## Data provided
═══

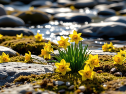 Mech, Kwiaty, Narcyzy żonkile, Kamienie, Żółte, Woda
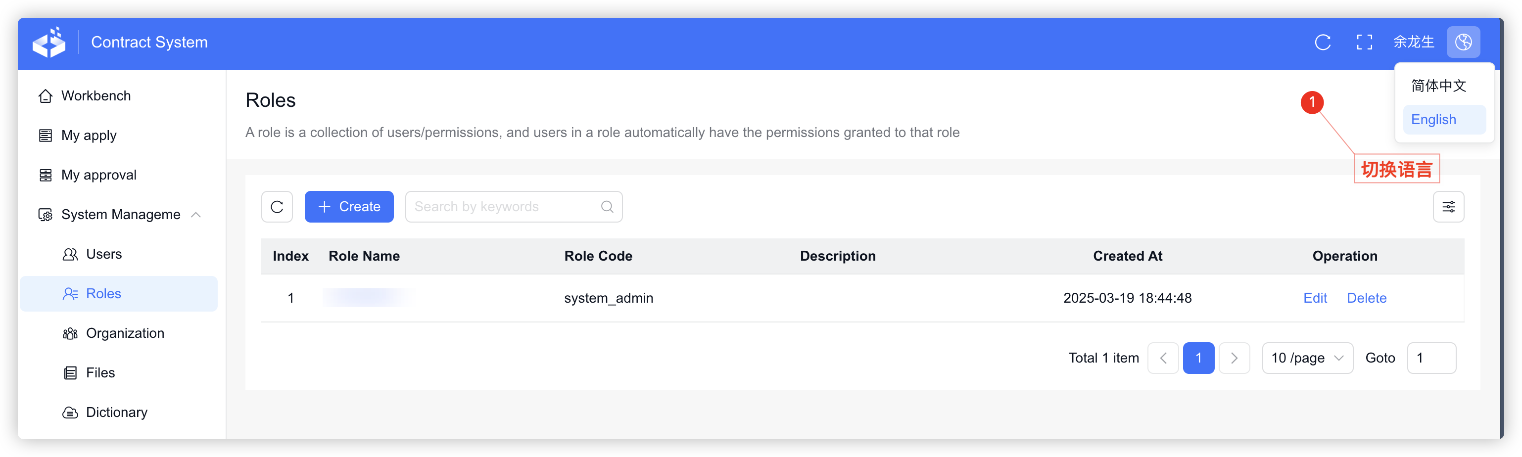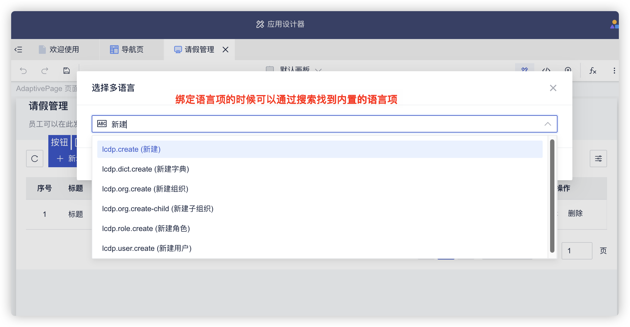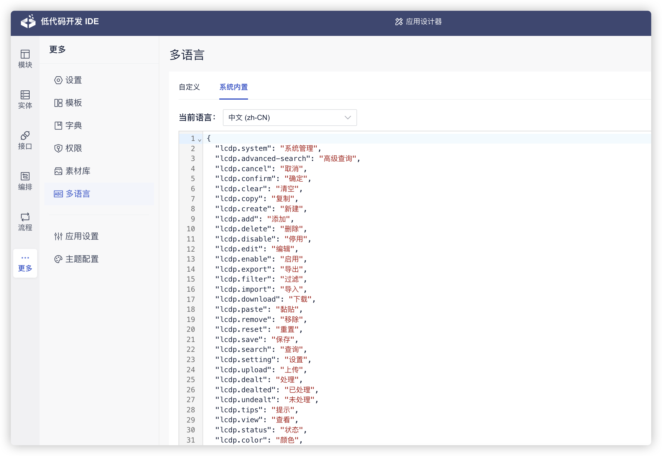 平台内置了一套语言包,以 lcdp 作为开头的语言项,在业务侧也是可以直接使用的,这些语言项可以在系统内置中查看。对于平台内置的管理功能:用户管理、组织管理、角色管理、数据字典等功能,已经全面进行的多语言支持。
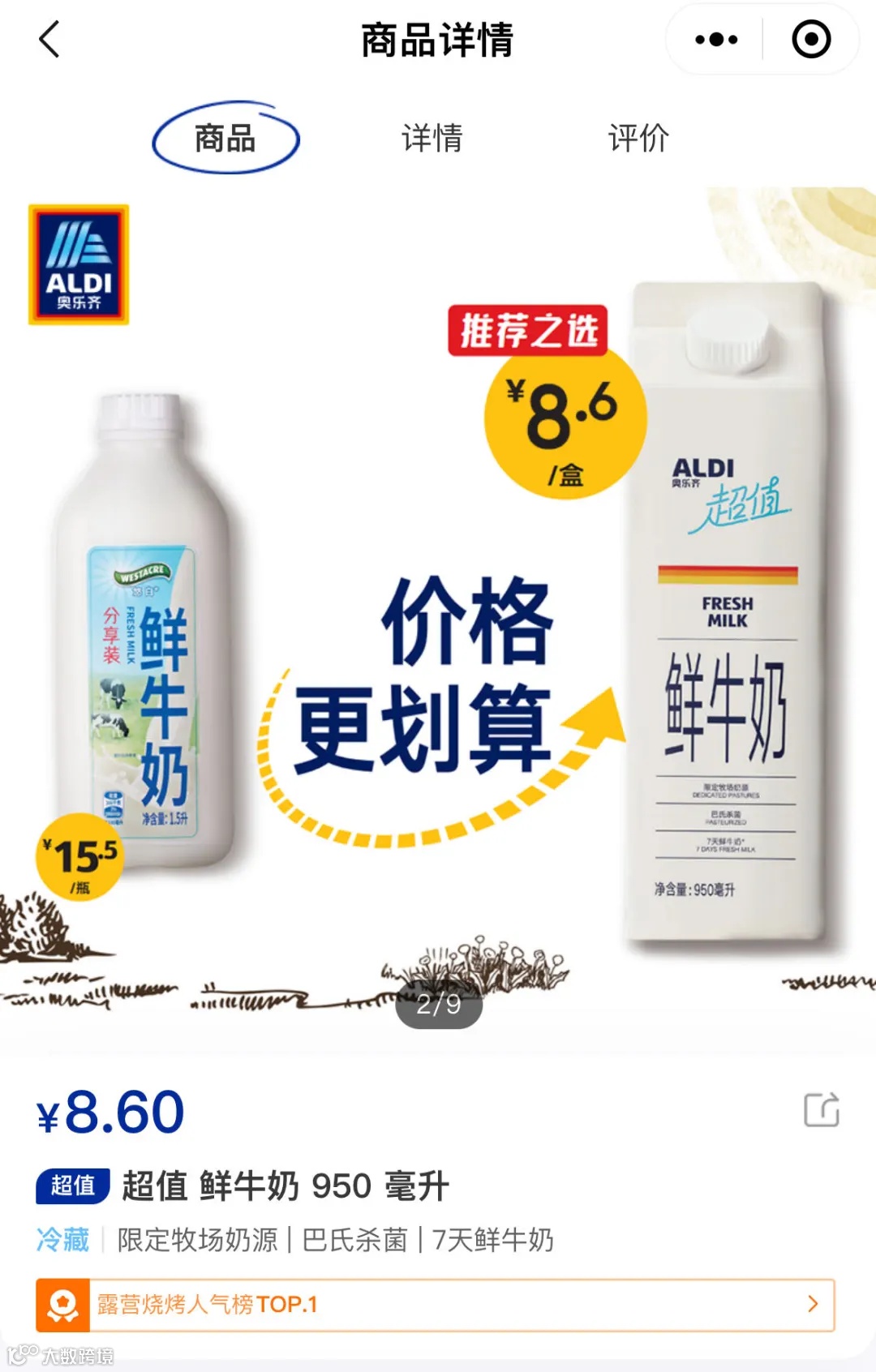 为了适应上海户均2.3人的迷你家庭结构,奥乐齐1.5升的鲜牛奶调整为950ml,8.6元的单价足够便宜,又避免了浪费之虞。

═══

## Instructions for the task
Print the whole listing above exactly, and keep every picture out of the copy.

## Reply
 Mech, Kwiaty, Narcyzy żonkile, Kamienie, Żółte, Woda
 平台内置了一套语言包,以 lcdp 作为开头的语言项,在业务侧也是可以直接使用的,这些语言项可以在系统内置中查看。对于平台内置的管理功能:用户管理、组织管理、角色管理、数据字典等功能,已经全面进行的多语言支持。
 为了适应上海户均2.3人的迷你家庭结构,奥乐齐1.5升的鲜牛奶调整为950ml,8.6元的单价足够便宜,又避免了浪费之虞。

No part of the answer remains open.